Tâchez qu’il en soit ainsi, je vous en conjure. Ne voyez-vous pas une Dulcinée dans cette fille en savates, qui, avec des yeux bleus, de beaux cheveux, un plaid déchiré et une baguette de saule à la main, conduit les vaches du village à la prairie. Ne pensez pas que vous rencontrerez un galant Valentin dans chaque cavalier anglais, ou un Orson[19] dans chaque montagnard poussant devant lui des bestiaux. Considérez les choses comme elles sont, et non ainsi qu’elles peuvent vous paraître à travers le prisme de votre imagination. Je vous ai vu regarder un vieil étang bourbeux, jusqu’à découvrir des caps, des baies, des golfes, des rocs, des précipices, et tout l’admirable spectacle que présente l’île Féroé, dans ce qui n’était aux yeux du vulgaire qu’un simple abreuvoir. Un jour ne vous ai-je pas trouvé considérant un lézard, dans l’attitude d’un homme qui examine un crocodile ? Heureusement c’était là un exercice peu dangereux de votre imagination ; car la mare ne pouvait vous noyer, ni l’alligator lilliputien vous dévorer. Mais dans la société vous ne pouvez vous tromper sur le caractère des gens que vous fréquentez, ni laisser votre imagination exagérer leurs qualités bonnes ou mauvaises, sans vous exposer non-seulement au ridicule, mais encore à de sérieux inconvénients. Tenez-vous donc en garde contre votre imagination, mon cher Darsie ; et permettez à votre vieil ami de vous assurer que c’est le côté de votre caractère le plus dangereux, parce que vous êtes bon et plein de générosité. Adieu. Ne laissez pas dormir l’enveloppe affranchie du digne pair ; surtout, sis memor mei.

A. F.



  1. A mile abscon Dundee. Vers d’une chanson écossaise. Dundee est une grande ville de commerce sur le Tay, à environ cinquante milles au-dessous de Perth. C’est le Liverpool de l’Écosse. a. m.
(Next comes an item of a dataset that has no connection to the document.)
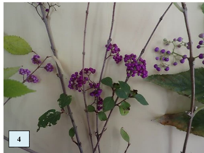
図 1. 花. 左からトサムラサキ, 雑種, オオムラサキシキブ. 花裂片が反って桃色を帯びるのはオオムラサキシキブに近い. 2015 年 7 月 19 日.

  2. Meadows (prairies) ; promenade publique près de la ville d’Édimbourg. a. m.
  3. The golf, sorte de jeu de mail. a. m.
  4. Mots celtiques en usage dans l’Écosse, et qui signifie le coup de l’étrier. a. m.
  5. L’exception confirme la règle. a. m.
  6. Elle s’est écoulée comme de l’eau répandue, elle ne croîtra point. a. m.
  7. C’est assez. a. m.
  8. Par détours. a. m.
  9. L’étude est longue et la vie courte. a. m.
  10. Vieille masure qui existait jadis au milieu de la grande rue dite High-Street, à Édimbourg. Tolbooth, où est placée la scène de la prison du Mid-Lothian, était au bout de cette masure, dans le Lawnmarket, ou marché des toiles. a. m.
  11. La prison du Mid-Lothian ou d’Édimbourg. a. m.
  12. L’union de l’Écosse à l’Angleterre. a. m.
  13. Birl, cotiser ; the groat, la pièce de huit sous (qui existait jadis) ; ce qui veut dire se cotiser à quarante centimes par tête. C’est un nom idéal. a. m.
  14. Writer to his majesty’signet, espèce de procureur ou avoué à Édimbourg. a. m.
  15. Des sommités du droit. a. m.
  16. Selon votre habitude. a. m.
  17. Chacun suit son penchant. a. m.
  18. Solicitor general, fonctionnaire dont la charge est analogue à celle de procureur général près une de nos cours royales. a. m.
  19. Valentin et Orson, enfants trouvés comme Romulus et Rémus : personnages d’un roman de chevalerie. a. m.